The DOJ says that by asking for Medicare reimbursements for patients who received the ICDs, Guidant was perpetrating fraud against the government. According to the DOJ, Guidant knew about problems with the devices as early as April 2002, corrected the problem, hid the changes from the FDA and doctors, and then continued to sell off the older stock of the defective devices.
The defective heart implants were not revealed publicly until a 2005 investigative report by the New York Times, which led to Guidant announcing a defibrillator recall. A year later the company was acquired by Boston Scientific.
The DOJ is joining a whistleblower lawsuit brought by James Allen, a recipient of one of the defective defibrillators. Under the qui tam provision of the False Claims Act, whistleblowers who report a false claim against the government may be entitled to receive a portion of any money that the government recovers from the offenders. In return, the whistleblower must be the first to bring the case to the government’s attention, and must not publicize the claim until the DOJ decides to prosecute the claim.

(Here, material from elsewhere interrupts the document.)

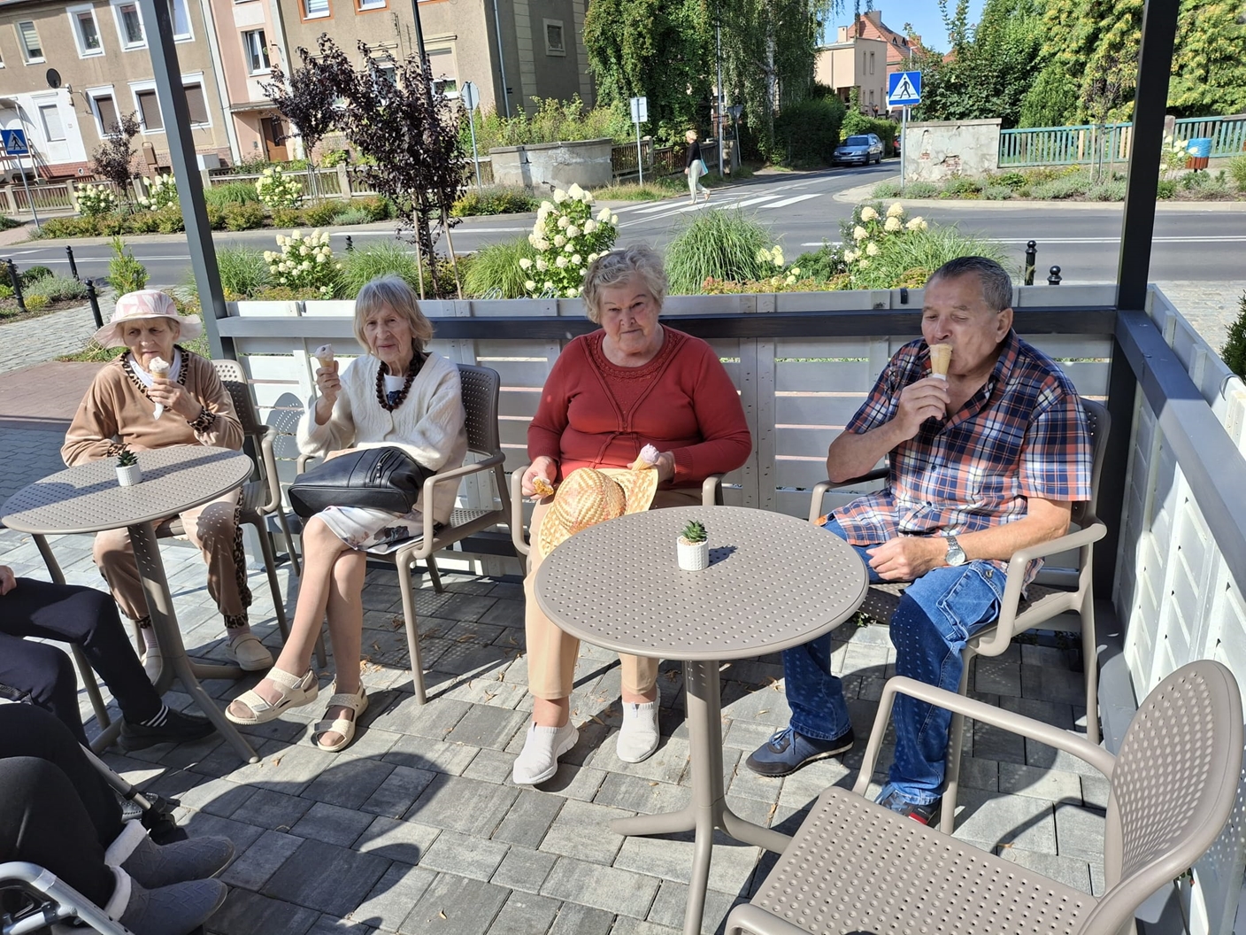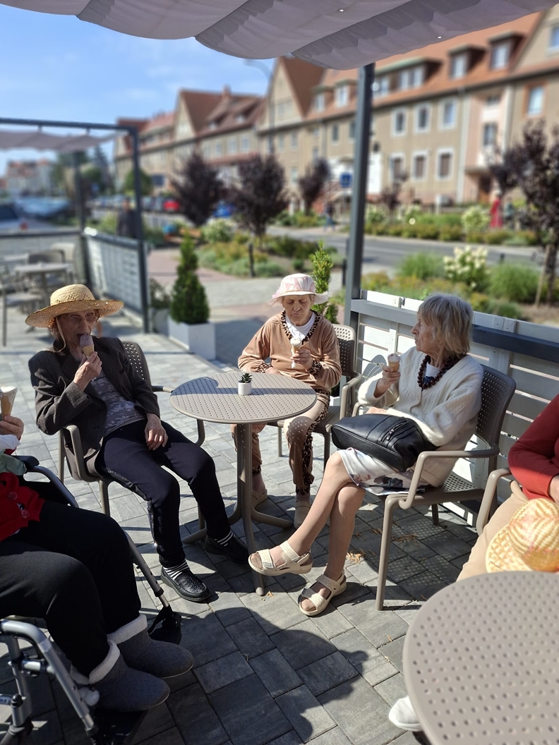 W ciepłe słoneczne dni Mieszkańcy DPS „Ostoja” spędzali czas w pobliskim parku spacerując jak też kosztując pysznych lodów w lodziarni Amore Mio Gelato.

On January 12, 2011, U.S. District Judge Donovan Frank accepted a $296 million settlement and guilty plea from Guidant, as well as a three-year probation sentence where the company would be under increased federal scrutiny. Judge Frank had originally rejected the settlement until the probation was added, saying that it was too lenient for a case where people had lost their lives.
“Patients with serious heart conditions who depend on these devices should not have to second-guess whether they are safe and effective,” said Assistant Attorney General Tony West in the DOJ press release. “When a medical device manufacturer conceals problems with its products, as is alleged here, not only is taxpayer money wasted, but lives are put at risk.”